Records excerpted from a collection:
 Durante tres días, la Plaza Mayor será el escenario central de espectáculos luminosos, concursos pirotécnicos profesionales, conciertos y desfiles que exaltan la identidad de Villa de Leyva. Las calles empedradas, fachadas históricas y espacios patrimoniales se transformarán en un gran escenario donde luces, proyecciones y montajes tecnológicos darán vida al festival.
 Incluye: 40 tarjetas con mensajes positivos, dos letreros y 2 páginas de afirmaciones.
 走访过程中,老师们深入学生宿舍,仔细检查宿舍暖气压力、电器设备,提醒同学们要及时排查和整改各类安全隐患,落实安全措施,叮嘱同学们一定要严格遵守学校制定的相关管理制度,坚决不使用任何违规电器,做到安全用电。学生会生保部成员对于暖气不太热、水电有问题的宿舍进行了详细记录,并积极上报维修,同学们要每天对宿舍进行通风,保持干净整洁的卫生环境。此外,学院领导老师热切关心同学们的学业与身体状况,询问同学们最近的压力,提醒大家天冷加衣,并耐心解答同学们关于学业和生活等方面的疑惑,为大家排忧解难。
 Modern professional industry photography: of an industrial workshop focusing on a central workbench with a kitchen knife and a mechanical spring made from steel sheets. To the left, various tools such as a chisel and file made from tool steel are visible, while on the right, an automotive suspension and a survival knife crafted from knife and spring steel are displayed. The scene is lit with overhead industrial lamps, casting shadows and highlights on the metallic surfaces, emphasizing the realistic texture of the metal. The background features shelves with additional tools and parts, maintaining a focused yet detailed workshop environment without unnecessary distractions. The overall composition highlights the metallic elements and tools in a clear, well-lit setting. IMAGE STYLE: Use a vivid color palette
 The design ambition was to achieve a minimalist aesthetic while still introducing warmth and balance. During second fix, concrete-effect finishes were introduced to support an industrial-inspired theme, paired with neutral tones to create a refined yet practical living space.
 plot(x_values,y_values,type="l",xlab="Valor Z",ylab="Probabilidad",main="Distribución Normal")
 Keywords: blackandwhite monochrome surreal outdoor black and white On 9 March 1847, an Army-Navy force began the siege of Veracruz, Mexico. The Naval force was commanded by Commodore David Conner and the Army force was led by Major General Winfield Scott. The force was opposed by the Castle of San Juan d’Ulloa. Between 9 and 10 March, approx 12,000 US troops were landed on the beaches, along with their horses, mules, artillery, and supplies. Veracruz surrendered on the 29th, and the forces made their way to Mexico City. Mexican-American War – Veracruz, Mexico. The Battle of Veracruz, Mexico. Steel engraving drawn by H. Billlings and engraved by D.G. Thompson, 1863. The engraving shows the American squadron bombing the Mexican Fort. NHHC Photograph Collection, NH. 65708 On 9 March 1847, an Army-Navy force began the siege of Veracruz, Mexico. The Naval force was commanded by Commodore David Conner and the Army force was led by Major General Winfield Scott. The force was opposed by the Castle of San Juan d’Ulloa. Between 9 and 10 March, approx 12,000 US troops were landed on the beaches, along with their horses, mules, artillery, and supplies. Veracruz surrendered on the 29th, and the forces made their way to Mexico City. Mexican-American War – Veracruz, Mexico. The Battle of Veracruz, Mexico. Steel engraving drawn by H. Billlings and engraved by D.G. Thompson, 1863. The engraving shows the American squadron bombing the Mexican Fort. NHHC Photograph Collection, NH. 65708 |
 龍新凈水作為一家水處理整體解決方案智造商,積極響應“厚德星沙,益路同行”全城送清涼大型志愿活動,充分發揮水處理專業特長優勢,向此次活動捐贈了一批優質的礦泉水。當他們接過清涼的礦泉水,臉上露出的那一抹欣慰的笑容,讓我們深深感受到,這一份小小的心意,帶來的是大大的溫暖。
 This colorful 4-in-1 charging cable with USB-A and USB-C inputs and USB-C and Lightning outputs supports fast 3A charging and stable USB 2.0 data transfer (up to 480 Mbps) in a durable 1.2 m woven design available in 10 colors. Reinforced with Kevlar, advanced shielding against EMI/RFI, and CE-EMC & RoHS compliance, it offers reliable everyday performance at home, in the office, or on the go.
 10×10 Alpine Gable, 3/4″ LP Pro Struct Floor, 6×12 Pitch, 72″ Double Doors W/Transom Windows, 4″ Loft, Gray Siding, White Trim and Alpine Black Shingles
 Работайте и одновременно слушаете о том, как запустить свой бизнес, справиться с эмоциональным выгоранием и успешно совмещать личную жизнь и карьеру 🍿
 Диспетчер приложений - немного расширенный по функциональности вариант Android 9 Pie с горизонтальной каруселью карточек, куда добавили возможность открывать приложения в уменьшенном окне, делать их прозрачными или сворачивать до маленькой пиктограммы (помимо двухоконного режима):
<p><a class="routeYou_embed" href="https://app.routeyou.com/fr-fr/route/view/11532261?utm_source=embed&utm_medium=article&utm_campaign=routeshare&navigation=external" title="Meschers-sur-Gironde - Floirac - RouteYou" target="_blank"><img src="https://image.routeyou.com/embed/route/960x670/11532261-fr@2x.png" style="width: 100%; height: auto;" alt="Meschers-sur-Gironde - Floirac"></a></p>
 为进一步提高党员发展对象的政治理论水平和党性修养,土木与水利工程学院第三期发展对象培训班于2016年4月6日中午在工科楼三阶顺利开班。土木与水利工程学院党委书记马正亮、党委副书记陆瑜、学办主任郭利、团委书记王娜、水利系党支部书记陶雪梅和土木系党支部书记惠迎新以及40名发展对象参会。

**WHAT THE TASK ASKS**. In full and word for word, write out the data above.

**EXERCISE RESPONSE**.
 Durante tres días, la Plaza Mayor será el escenario central de espectáculos luminosos, concursos pirotécnicos profesionales, conciertos y desfiles que exaltan la identidad de Villa de Leyva. Las calles empedradas, fachadas históricas y espacios patrimoniales se transformarán en un gran escenario donde luces, proyecciones y montajes tecnológicos darán vida al festival.
 Incluye: 40 tarjetas con mensajes positivos, dos letreros y 2 páginas de afirmaciones.
 走访过程中,老师们深入学生宿舍,仔细检查宿舍暖气压力、电器设备,提醒同学们要及时排查和整改各类安全隐患,落实安全措施,叮嘱同学们一定要严格遵守学校制定的相关管理制度,坚决不使用任何违规电器,做到安全用电。学生会生保部成员对于暖气不太热、水电有问题的宿舍进行了详细记录,并积极上报维修,同学们要每天对宿舍进行通风,保持干净整洁的卫生环境。此外,学院领导老师热切关心同学们的学业与身体状况,询问同学们最近的压力,提醒大家天冷加衣,并耐心解答同学们关于学业和生活等方面的疑惑,为大家排忧解难。
 Modern professional industry photography: of an industrial workshop focusing on a central workbench with a kitchen knife and a mechanical spring made from steel sheets. To the left, various tools such as a chisel and file made from tool steel are visible, while on the right, an automotive suspension and a survival knife crafted from knife and spring steel are displayed. The scene is lit with overhead industrial lamps, casting shadows and highlights on the metallic surfaces, emphasizing the realistic texture of the metal. The background features shelves with additional tools and parts, maintaining a focused yet detailed workshop environment without unnecessary distractions. The overall composition highlights the metallic elements and tools in a clear, well-lit setting. IMAGE STYLE: Use a vivid color palette
 The design ambition was to achieve a minimalist aesthetic while still introducing warmth and balance. During second fix, concrete-effect finishes were introduced to support an industrial-inspired theme, paired with neutral tones to create a refined yet practical living space.
 plot(x_values,y_values,type="l",xlab="Valor Z",ylab="Probabilidad",main="Distribución Normal")
 Keywords: blackandwhite monochrome surreal outdoor black and white On 9 March 1847, an Army-Navy force began the siege of Veracruz, Mexico. The Naval force was commanded by Commodore David Conner and the Army force was led by Major General Winfield Scott. The force was opposed by the Castle of San Juan d’Ulloa. Between 9 and 10 March, approx 12,000 US troops were landed on the beaches, along with their horses, mules, artillery, and supplies. Veracruz surrendered on the 29th, and the forces made their way to Mexico City. Mexican-American War – Veracruz, Mexico. The Battle of Veracruz, Mexico. Steel engraving drawn by H. Billlings and engraved by D.G. Thompson, 1863. The engraving shows the American squadron bombing the Mexican Fort. NHHC Photograph Collection, NH. 65708 On 9 March 1847, an Army-Navy force began the siege of Veracruz, Mexico. The Naval force was commanded by Commodore David Conner and the Army force was led by Major General Winfield Scott. The force was opposed by the Castle of San Juan d’Ulloa. Between 9 and 10 March, approx 12,000 US troops were landed on the beaches, along with their horses, mules, artillery, and supplies. Veracruz surrendered on the 29th, and the forces made their way to Mexico City. Mexican-American War – Veracruz, Mexico. The Battle of Veracruz, Mexico. Steel engraving drawn by H. Billlings and engraved by D.G. Thompson, 1863. The engraving shows the American squadron bombing the Mexican Fort. NHHC Photograph Collection, NH. 65708 |
 龍新凈水作為一家水處理整體解決方案智造商,積極響應“厚德星沙,益路同行”全城送清涼大型志愿活動,充分發揮水處理專業特長優勢,向此次活動捐贈了一批優質的礦泉水。當他們接過清涼的礦泉水,臉上露出的那一抹欣慰的笑容,讓我們深深感受到,這一份小小的心意,帶來的是大大的溫暖。
 This colorful 4-in-1 charging cable with USB-A and USB-C inputs and USB-C and Lightning outputs supports fast 3A charging and stable USB 2.0 data transfer (up to 480 Mbps) in a durable 1.2 m woven design available in 10 colors. Reinforced with Kevlar, advanced shielding against EMI/RFI, and CE-EMC & RoHS compliance, it offers reliable everyday performance at home, in the office, or on the go.
 10×10 Alpine Gable, 3/4″ LP Pro Struct Floor, 6×12 Pitch, 72″ Double Doors W/Transom Windows, 4″ Loft, Gray Siding, White Trim and Alpine Black Shingles
 Работайте и одновременно слушаете о том, как запустить свой бизнес, справиться с эмоциональным выгоранием и успешно совмещать личную жизнь и карьеру 🍿
 Диспетчер приложений - немного расширенный по функциональности вариант Android 9 Pie с горизонтальной каруселью карточек, куда добавили возможность открывать приложения в уменьшенном окне, делать их прозрачными или сворачивать до маленькой пиктограммы (помимо двухоконного режима):
<p><a class="routeYou_embed" href="https://app.routeyou.com/fr-fr/route/view/11532261?utm_source=embed&utm_medium=article&utm_campaign=routeshare&navigation=external" title="Meschers-sur-Gironde - Floirac - RouteYou" target="_blank"><img src="https://image.routeyou.com/embed/route/960x670/11532261-fr@2x.png" style="width: 100%; height: auto;" alt="Meschers-sur-Gironde - Floirac"></a></p>
 为进一步提高党员发展对象的政治理论水平和党性修养,土木与水利工程学院第三期发展对象培训班于2016年4月6日中午在工科楼三阶顺利开班。土木与水利工程学院党委书记马正亮、党委副书记陆瑜、学办主任郭利、团委书记王娜、水利系党支部书记陶雪梅和土木系党支部书记惠迎新以及40名发展对象参会。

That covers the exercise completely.